In turn, this means I haven’t yet worked up the confidence to use 无语 or 😓 in a text because I still don’t intuitively get the relationship between the words and the emoticon. The 无语 emoticon makes me think that being speechless is the experience of feeling unhappy and sweating awkwardly. And there’s the rub. When I use ‘wtf,’ I’m expressing distaste and displeasure, so yes, unhappy. But maybe I’m misinterpreting the anxieties that cultural transgressions produce? Is 无语 more accurately the equivalent of what the kids mean when they use ‘cringe‘ in online discourse? Does 无语 mean that I’m feeling embarrassed for someone when they don’t realize that they’ve transgressed? Or does 无语 mean ‘cringe’ in its contemptuous usage as when online comments use ‘cringe’ to express distain for a person and/ or action…But then again, if its distain, why the sweat? Where’s the social pressure coming from?

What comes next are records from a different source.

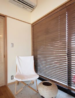 掃き出し窓からの日射とプライバシーを考えてウッドブラインドを設置。シックなダークブラウン色を使って、重厚かつリゾート感を演出。日差しや隣地からの視線を上手にコントロールしている。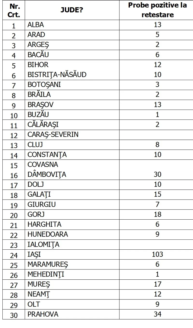 Distinct de cazurile nou confirmate, în urma retestării pacienților care erau deja pozitivi, 565 de persoane au fost reconfirmate pozitiv.
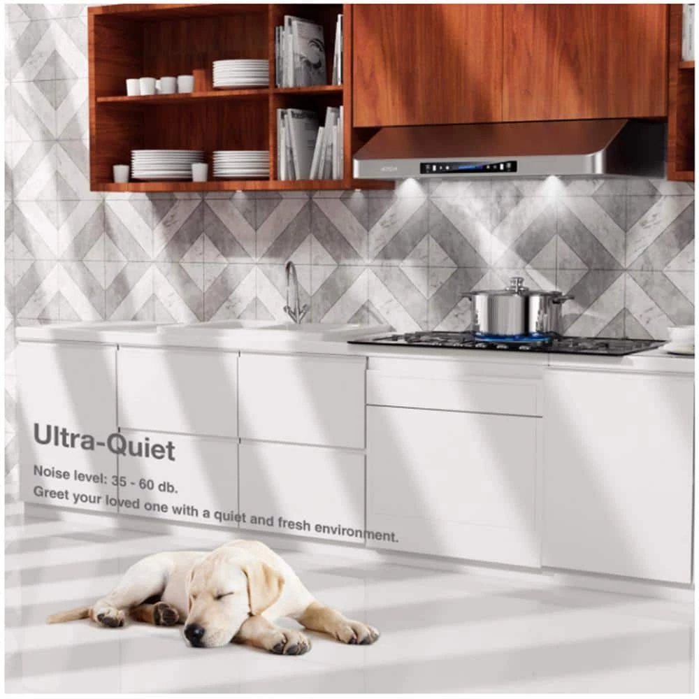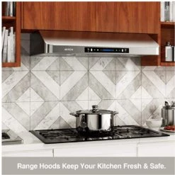 - High-performance 4-speed motor effortlessly and quietly ventilates your kitchen to remove cooking odors and smoke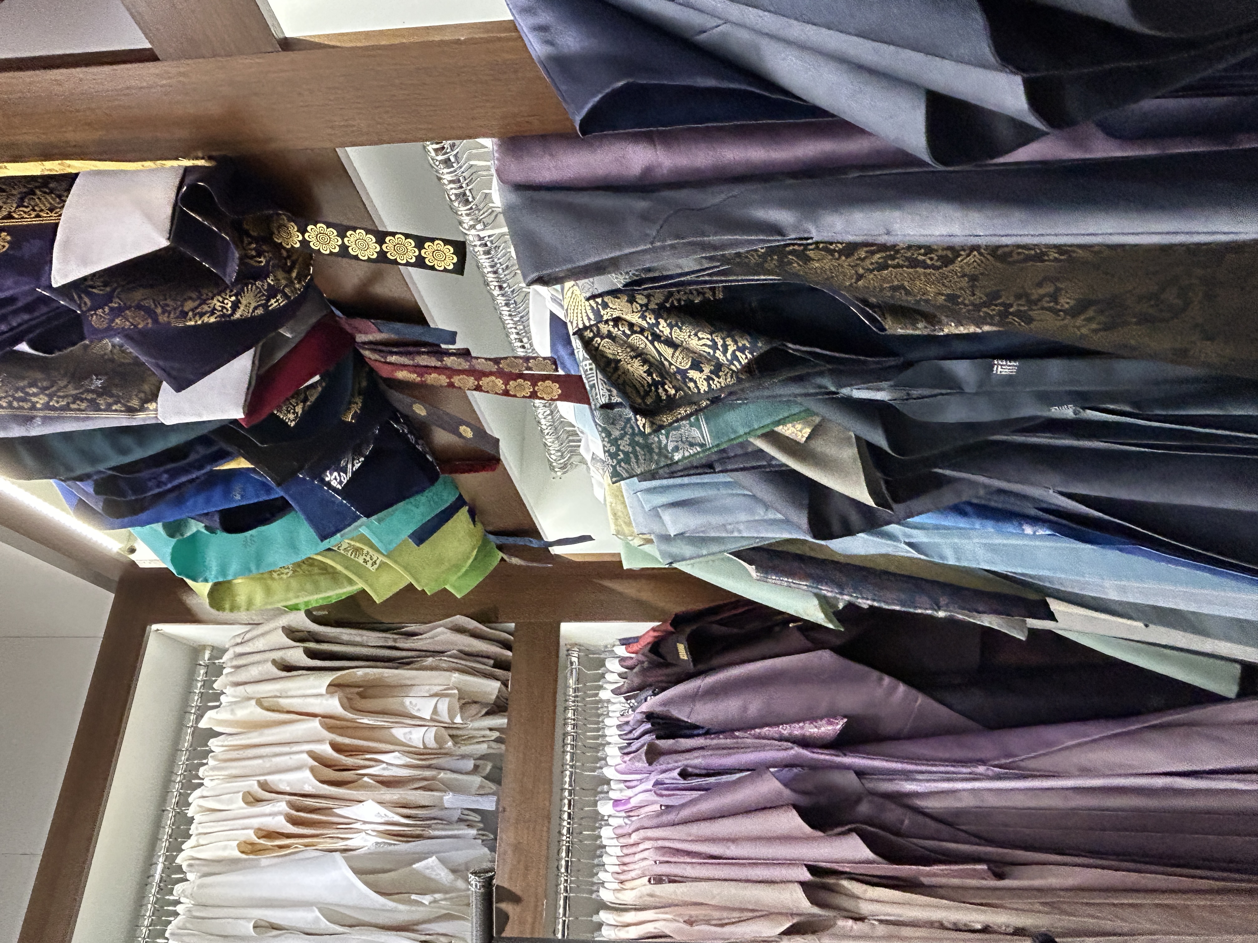 먼저 매장에 들어갔을 때 느껴지는 분위기가 굉장히 고급스럽고 차분했습니다. 혼주 한복을 준비하러 온 만큼 조금은 긴장된 마음이 있었는데, 매장 분위기가 편안하면서도 정돈되어 있어서 부모님도 부담 없이 한복을 둘러볼 수 있었습니다. 매장 전체가 깔끔하게 관리되어 있고 한복들이 가지런히 정리되어 있어 고급스러운 느낌이 자연스럽게 느껴졌습니다.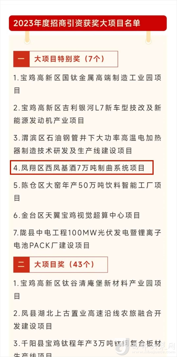 西部決策網(wǎng)訊(記者劉玉 韓宗憲)近日,寶雞市召開深化“三個年”活動暨招商引資推進會,會上通報表彰了2023年度招商引資和項目建設等重點工作,鳳翔區(qū)西鳳基酒7萬噸制曲系統(tǒng)項目榮獲招商引資大項目特別獎,柳林鎮(zhèn)黨委副書記、鎮(zhèn)長劉永強獲招商引資突出貢獻個人獎。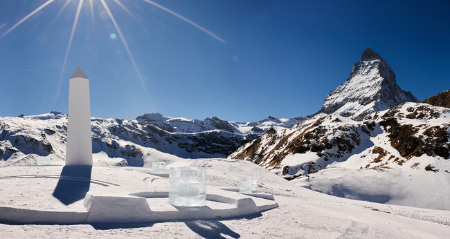 ニューヨークを拠点に活動するダニエルは、絵画や彫刻、インスタレーション、映像など、多岐に渡る力強い作品で知られ、特に「Connecting Time」シリーズや、象徴的な作品である「Hourglass(砂時計)」が代表的です。期間限定で公開された今回のインスタレーション「Light & Time」は、スイスアルプスで最も知名度の高いマッターホルンを望む、スイスの山岳リゾート地ツェルマットの雪景色の中に制作された日時計です。自然の要素を用いて、計時のルーツとランドアートにおけるクラフトマンシップを融合させています。クリスタルクオーツの形をしたオベリスクが落とす影を利用した、機能的な屋外計時のインスタレーションで、太陽の動きに合わせて中央のポインターが影を落とし、傾斜した雪の中に時間を示します。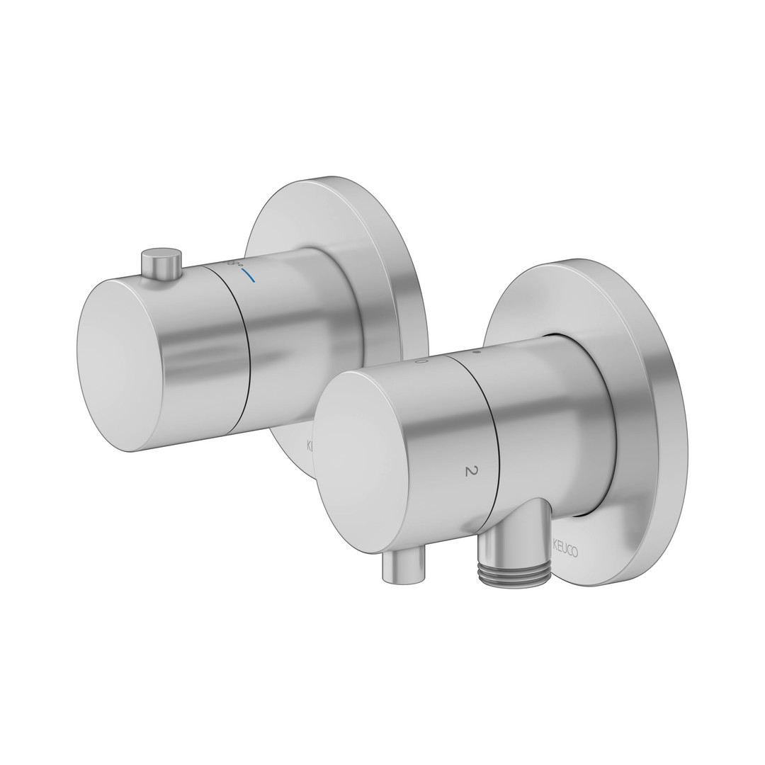 KEUCO Fertigmontageset Plan blue UP-Thermostatarmatur, mit Schlauchanschluss, Brausehalter, für 2 Verbraucher, aluminium-finish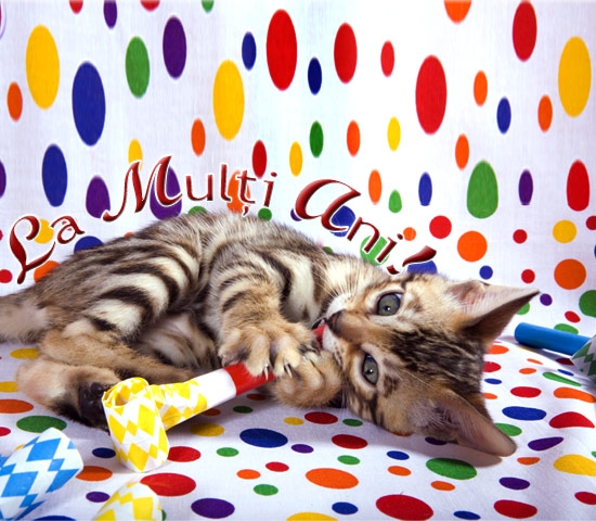Pisicuta tigrata, care se joaca pe un fundal multicolo cu un fluier de petrecere.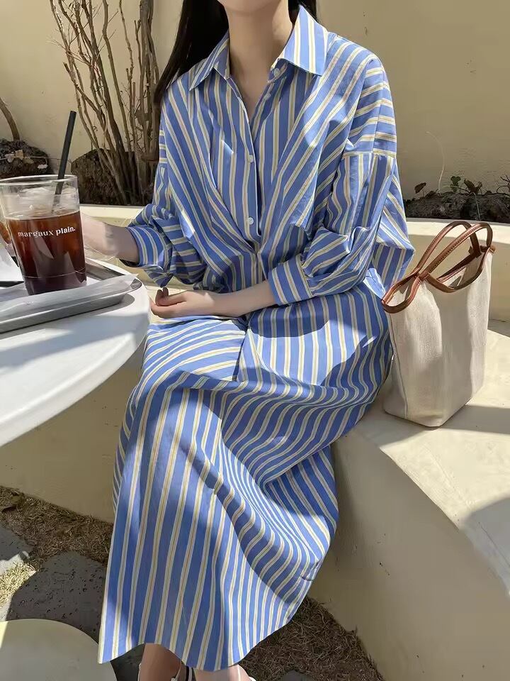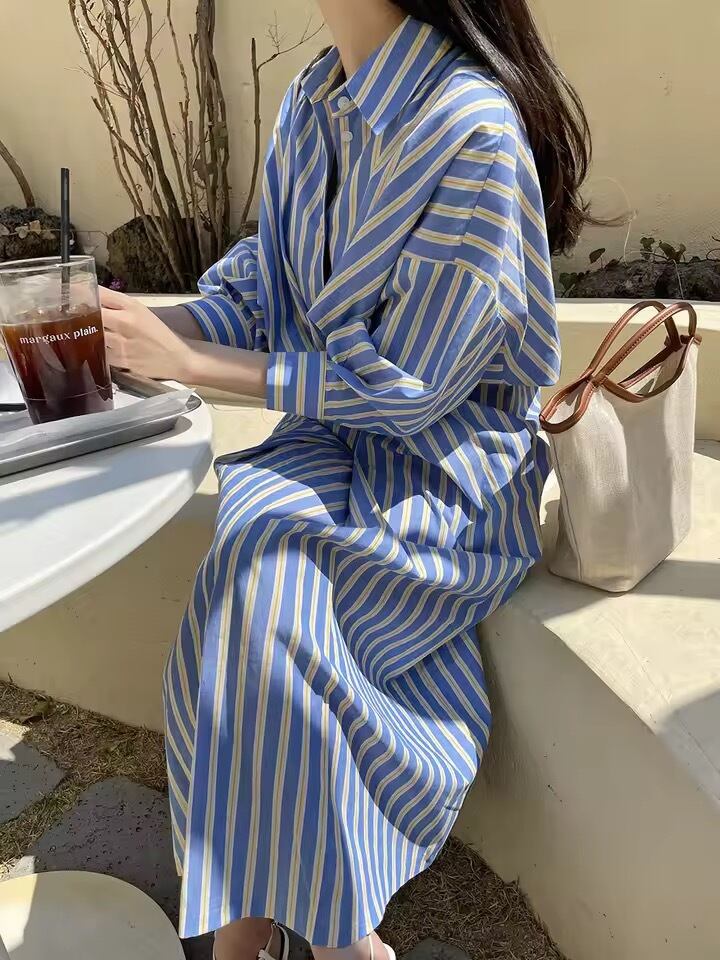 ストライプシャツワンピース(一ヶ月程でお届け)

I’m also not sure if the problem is generational. I remember that over a decade ago, I gifted nieces and nephews a Japanese-language wii that was produced in Shenzhen, and within half an hour they could play the games. They didn’t rely on written instructions to figure out the games, but intuited the rules based on previous experiences. Kind of like the intuition that can lead you to a restroom in a mall… This intuition is shaped not only by language, but also through ongoing interaction with a larger environment that allows one to make educated and generally appropriate guesses about what to do. And that’s the blackhole in my linguistic repertoire. I don’t have an intuitive sense of when to insert an emoticon or gif into a texty dialogue, let alone select the appropriate image. Indeed, I was over thirty years old when I got my first cellphone and therefore never texted my way through the uncertainties and euphorias of a relationship. Instead, I seem to have this frustratingly passive knowledge about emoticons. I generally understand, for example, what others mean when they use particular emoticons. But. In context, I would have written out words or decided it was time to facetime.

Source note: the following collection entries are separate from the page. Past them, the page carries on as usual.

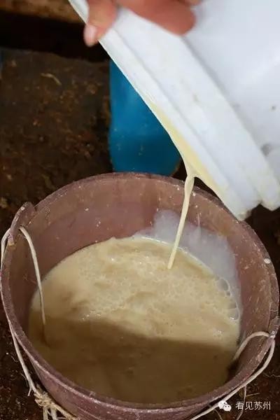 询问方知,这头奶牛昨天刚生了牛宝宝。挤出来的“牛初乳”,要给牛宝宝喝。否则牛宝宝要生病的!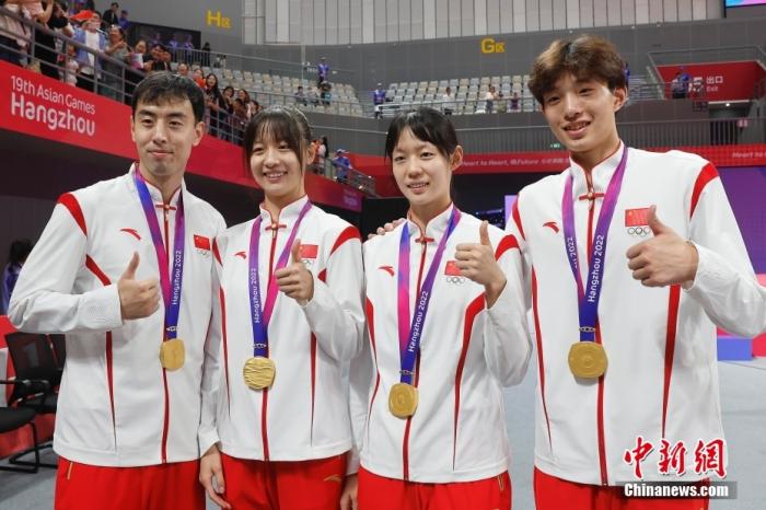 9月25日晚,杭州第19屆亞運會跆拳道競技混合團體賽決賽在臨安體育文化會展中心體育館舉行。中國隊以84比77戰(zhàn)勝韓國隊,獲得冠軍。圖為冠軍中國選手宋兆祥、周澤琪、宋潔、崔陽(從左至右)在頒獎儀式后合影。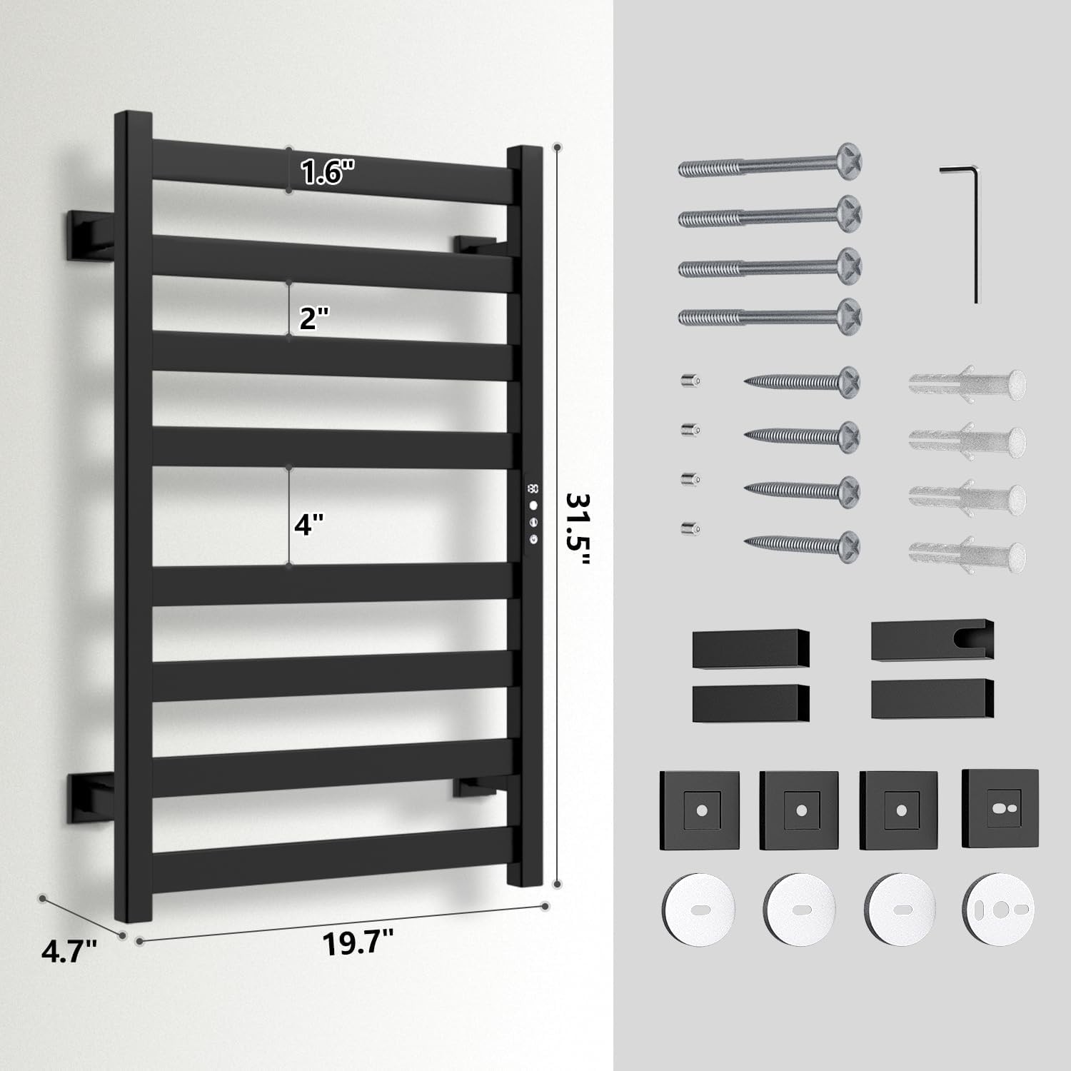 【Function Upgrade】The heated towel rack is made of 201 stainless steel, and has an electrostatic black coating on the surface, which has excellent rust and corrosion resistance, high-quality waterproof electric heating elements, and the waterproof level reaches IPX5. Built-in visual timer and temperature control switch. The time can be set from 1 hour to 9 hours or always on (0H).

And maybe that’s the point of friction. I look at emoticons and perceive them through an out-of-date visual rhetoric that relies more on written language than it does on digitalized communication. It may also exacerbate my misconception of what emoticons actually do in texty discourses. After all, my first impulse has been to translate these images, an impulse which was adapted to another linguistic context. So in texty situations, while I may be reasonably confident that I have understood what has been posted to me, I don’t necessarily know what sticker to use in reply in without inadvertently confusing my interlocutor. 😝.

2 thoughts on “无语😓:cultural incompetence is also cross-generational

  1. I notice the intended message of my emoticon didn’t get across when I communicate with my parents’ generation. For example, when I use the ‘smiling without saying a thing’ emoticon 🙂, I mean to express ‘I know what you’re up to but I’m not exposing you’ or ‘I disagree but I will be quiet and pleasant.’ But for quite a long time, they thought that I was genuinely smiling whenever I used it.

    On the ‘speechless’ emoticon, this is my guess: it may have something to do with Japanese animation culture. In animes, when a character is in an awkward situation, often there will be a couple of lines of sweat on the side of their head. That may explains why younger generations have this intuition-like ability to use this emoticon ‘correctly’, as they have plenty of anime memories for references.

    Also, there’s this word ‘汗顏’ (Cantonese: hon6 ngan4; mandarin: hàn yán), firstly used by poet Han Yu of Tang Dynasty but it’s still very much in use today. The two characters literally means ‘sweaty face’, and describe a situation where one sweats due to shame or embarrassment. (Originally embarrassed for oneself; in modern usage, embarrassed for others as well.) Perhaps that emoticon is a visualisation of that word.

    • This is helpful, thank you. It also explains why many of my older friends prefer to use stickers, especially because many come “labeled” with the word or phase that they replace.